Data recording and evaluation
Eye tracking data has a spatio-temporal nature. This kind of data cannot be evaluated by statistical approaches in the standard way. More advanced data analysis and visualization techniques are required to dig deeper in the data and to find more insights about the visual scanning strategies. Visual analytics is a popular field 29 that applies interactive data analysis and visualization supporting analytical reasoning with the goal to find insights and knowledge in the data. 37 Visual analytics in eye tracking 35 is attracting more and more researchers due to the fact that it can uncover data patterns in eye movement data that cannot be found by applying traditional statistical approaches. However, it is a multi-disciplinary field and requires profound knowledge in many scientific areas like programming, information visualization, visual analytics, algorithmics, data science, mathematics, and many more. The recording of the eye movement data is actually not the challenging issue, the analysis of the spatio-temporal data is the bigger problem.
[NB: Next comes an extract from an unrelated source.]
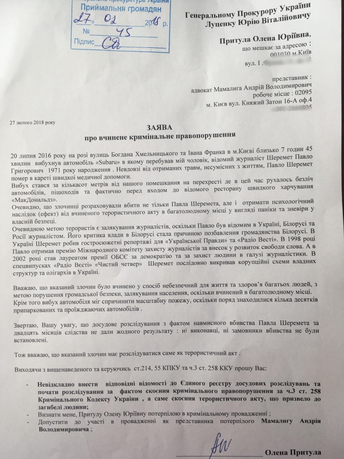 В заявлении о совершении уголовного преступления указывается, что преступники рассчитывали убить не только Шеремета, но и получить психологический эффект от совершенного террористического акта в многолюдном месте в виде паники и уныния в собственной безопасности.

Conclusion and future work
We described an approach that visually encodes planar orthogonal graph drawings into graph mazes, a street-like visual metaphor that people might better understand due to its real-life character. The graph data is artificially generated and a grid-based planar orthogonal graph drawing is created. An eye tracking study with 26 participants was conducted to investigate the visual scanning strategies of the participants while we explored three difficulty levels and two visual encodings as independent variables. Male and female participants showed slightly different eye movements in the sense that they differed in the fixation durations and saccade lengths but not in the overall scanning strategy. People who are considered experts show faster visual scanning strategies in the graph mazes compared to the node-link diagrams. For future work we plan to also include more visual features in the graph mazes to also show additional graph properties for vertices, edges, graph structures, paths, and the like, although this would make the graph mazes more visually complex. We also plan to visually encode arbitrary graphs (non-planar ones) into graph mazes, however, the clear street-like structure must be extended a lot to reach this goal while it is questionable whether those new graph visualizations can still be understood or not.